Não nos comove a imagem destrutiva de que há na formação do povo brasileiro e sua cultura um indicativo de má formação moral e uma dose elevada de irresponsabilidade política e social.
Em verdade, o homem brasileiro e a cultura que a ele se agrega é resultante direta da equivocada prática por longos períodos de um modelo que só era democrático na rubrica; uma democracia política sem cultura cívica, que mais alimentava a dependência do homem em relação ao Estado e negligenciava na prestação de serviços públicos fundamentais do que propriamente operava em favor do ambiente democrático.
Uma democracia incapaz de forjar Instituições e sistema jurídico que reproduzisse os necessários ambientes democráticos.
Mas, no momento atual, há viva sensação de que haveremos de conhecer dias melhores; de avanços e de aperfeiçoamento dos instrumentos dispostos em favor da sociedade e do homem.
É no contexto do Brasil real, efetivo, que não frequenta palanques, mas que vive e pulsa na cidade e no campo, que devemos desvendar o que ao Ministério Público se impõe na atualidade.
A democracia brasileira, exigida a partir de 1988, há de ser participativa, deliberativa; e o sistema normativo fiel a esse modelo há de reconhecer que a fonte única de legitimidade deriva da vontade geral.

Está na vontade geral, tal como propugnou Rousseau, o compromisso dos que legislam, aplicam a norma ou promovem a sua interpretação.
Está na vontade geral desvendada por mecanismos de participação política o asseguramento de que estarão sempre à disposição de todos mecanismos de transmutação de seus interesses em direitos e que esses interesses e direitos não sufraguem apenas as necessidades pessoais.

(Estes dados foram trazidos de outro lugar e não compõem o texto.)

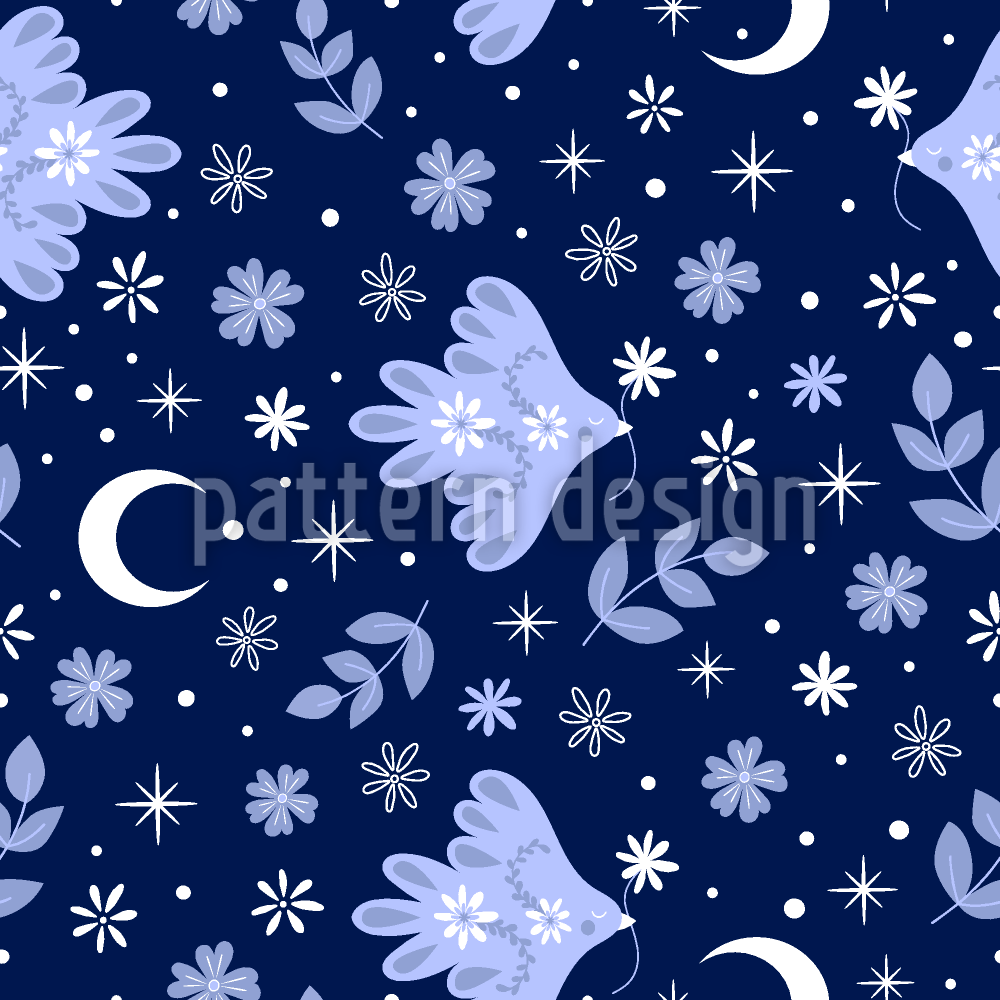 | Descrição | Padrão mágico sem costura com pombas, flores, luas crescentes, estrelas e folhagens, criando uma atmosfera pacífica. | ||
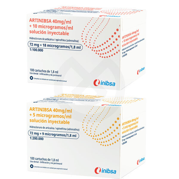 Artinibsa 40 mg/ml + 0,01 mg/ml o 40 mg/ml + 0,005 mg/ml solución inyectable. Anestésico local potente con articaína y epinefrina con tiempo de latencia corto. Su elevada liposolubilidad le confiere una mejor difusión a través de los tejidos blandos y óseos resultando muy efectivo en técnicas infiltrativas.
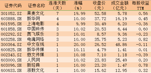 表:4月11日傳媒行業(yè)漲停個股一覽
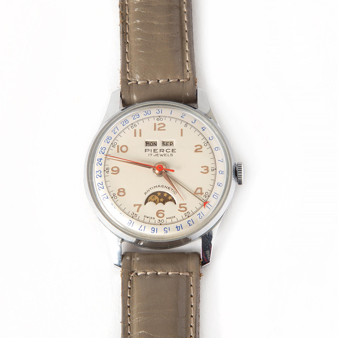 Stål samt krom. Manuellt uppdrag, kalender, månfas. Plexiglas. Original armband samt sölja. Diameter 33 mm. Etui samt originalcertifikat (ej ifyllt) medföljer.
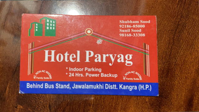 Had a wonderful stay at Hotel Paryag in Jawalamukhi. Great location near the bus stand, friendly staff, clean and cozy rooms with nice town views. Affordable, with ample parking—highly recommended for any traveler.
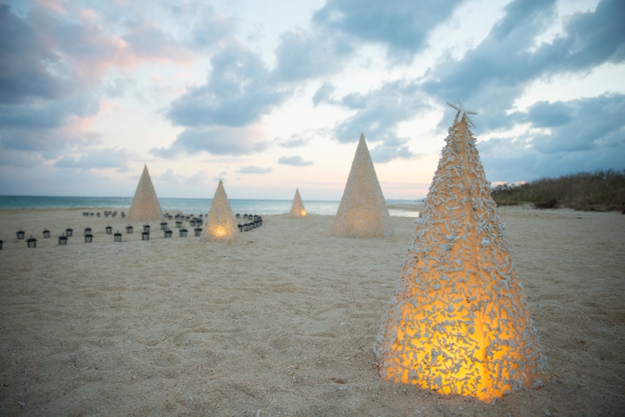 プライベート感のあるビーチには大小様々な大きさの珊瑚と白砂でできたクリスマスツリーが約20本立ち並びます。夜になると、こちらのツリーが点灯され、ビーチは一気に幻想的な雰囲気に包まれます。白砂のビーチに、キラキラと輝く珊瑚と白砂のツリーが南の島のホワイトクリスマスを演出します。
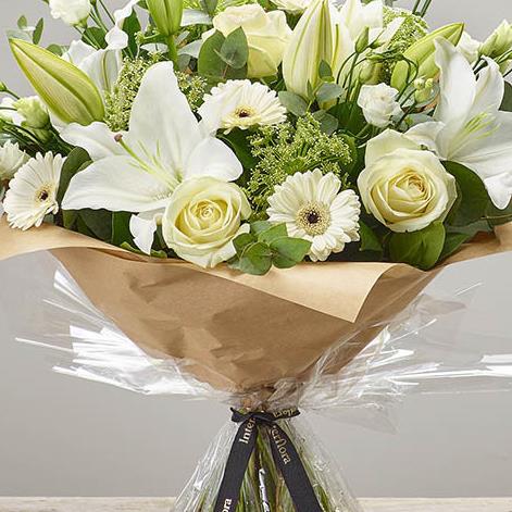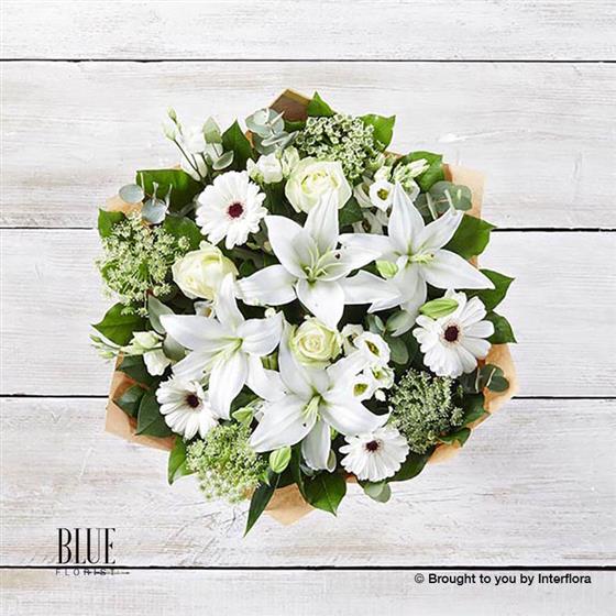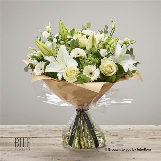 Featuring white germini, white Oriental lilies, white lisianthus, white large-headed roses and white ammi, hand-tied with eucalyptus and salal, presented in Interflora Gift Packaging.

Uma sociedade que transige na aplicação da lei, que admite nichos de irresponsabilidade, que assiste passivamente a investidas contra seus costumes e normas, não obtém acréscimo em seus indicadores éticos.
As sociedades lenientes com o abuso, a imoralidade, com toda e qualquer forma de opressão, são as que convivem com graus elevados de impunidade e admitem formas paralelas de manifestação do poder e da autoridade.

Os ideais republicanos, inspiração obrigatória de todos nós e manifesto dever dos que atuam em nome e em razão do povo, ainda reclamam efetivação.
Em favor da República e da Democracia real e efetiva é que devemos atuar.
República que condena o nepotismo,fomenta a liberdade de imprensa e de manifestação do pensamento, exige a transparência na gestão da coisa pública, o apoio ao associativismo, a inauguração, enfim, de um regime de autêntica responsabilidade pessoal e coletiva.
Há mesmo um caminho longo a ser trilhado.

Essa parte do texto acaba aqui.